Looks pretty cool, but I am supposed to be in South Padre that whole week. What fly shops will be set up there?


----------



## Ish (Oct 30, 2008)

Here's a list of the sponsors that are a part of this thing:

Class Five Fly Fishing
Collector's Covey
Departure Publishing
Epic Angling and Adventure
FlyFishChick.com
Greune Outfitters
Living Waters Fly Fishing
Sportsman's Finest
Tailwater's Fly Fishing
Temple Fork Outfitters
Texas Wildlife Unlimited

Films by:

Beattie Outdoor Productions
Confluence Films
Felt Soul Media
Howard Films
Rollcast Productions
Skinny Fist Productions
WorldANGLING


----------



## Explore Texas (Jul 2, 2008)

No tickets for purchase at the door?? Dang it. I want to go but not sure if I'll be in town.


----------



## Ish (Oct 30, 2008)

I forgot to mention that there will be a book launch at this event too. Miles Nolte will be there singing copies of his new book:


----------



## cool river (Feb 18, 2009)

*Alaska Chronicles*

I can't wait to hear/see Mr. Nolte "singing" copies.


----------



## Ish (Oct 30, 2008)

sorry, typed fast/typo and didn't proof read. should read "signing."


----------



## El General (Jun 18, 2007)

We are getting pretty close to a sell out. Get your tickets now!


----------



## Ish (Oct 30, 2008)

I want to thank all of you who participated in this great event. We sold out two theaters and had people screambling last minute to try to buy tickets off whoever they could get a hold of.

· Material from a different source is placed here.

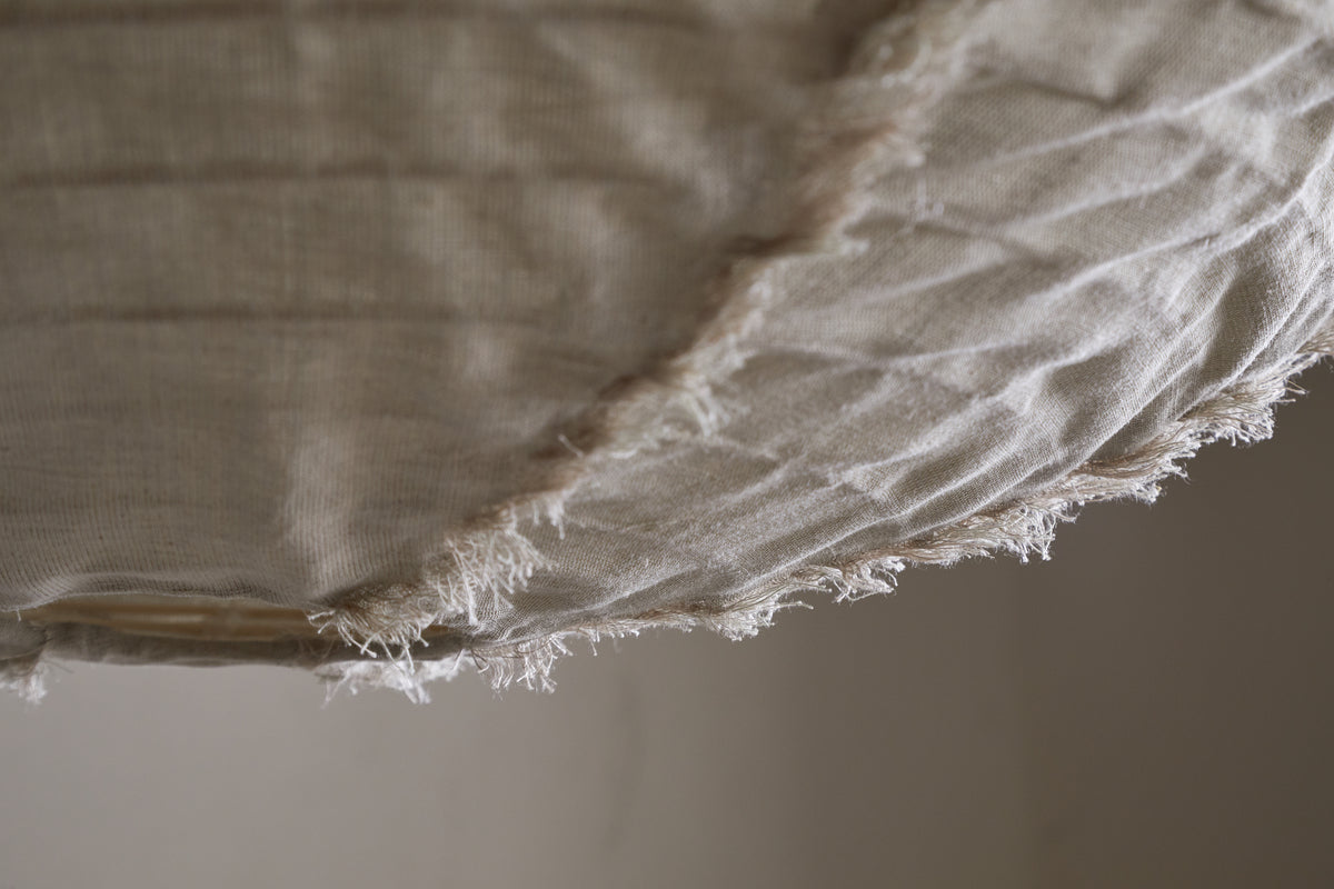 We choose to work with natural, recycled and reclaimed materials for our pieces; in this instance, cotton, valued for its softness, durability and timeless appeal. One of the most widely used natural fibres, cotton is both breathable and biodegradable, making it a responsible choice. To make this shade, fibres are carefully woven to create a tactile texture, then shaped by hand around a wire frame.

http://www.flyfishingfilmtour.com/blog/ffft/

The "pre-party" 2 hours before the screening was a blast and it was great seeing a bunch of you again (for some it had been years). It was also real nice to meet a bunch of you for the first time. I'm glad you all came out for this thing.

Plans are already in the works for an even bigger, better event next year....


----------



## jzfrench (Apr 29, 2009)

I attended and thanks for putting together a great event. I attended with my wife and a couple of buddies and we all had a great time. Looking forward to next years event! Btw, Alamo was a great place to hold the event.

Thanks,
Jason


----------



## davidb (May 10, 2006)

I really enjoyed the event, it was like old home week seeing a bunch of old friends.

My only critique is that I would have liked more full length films and less trailers. More meat less potatoes so to speak. But if another event like this is planned I will attend.


----------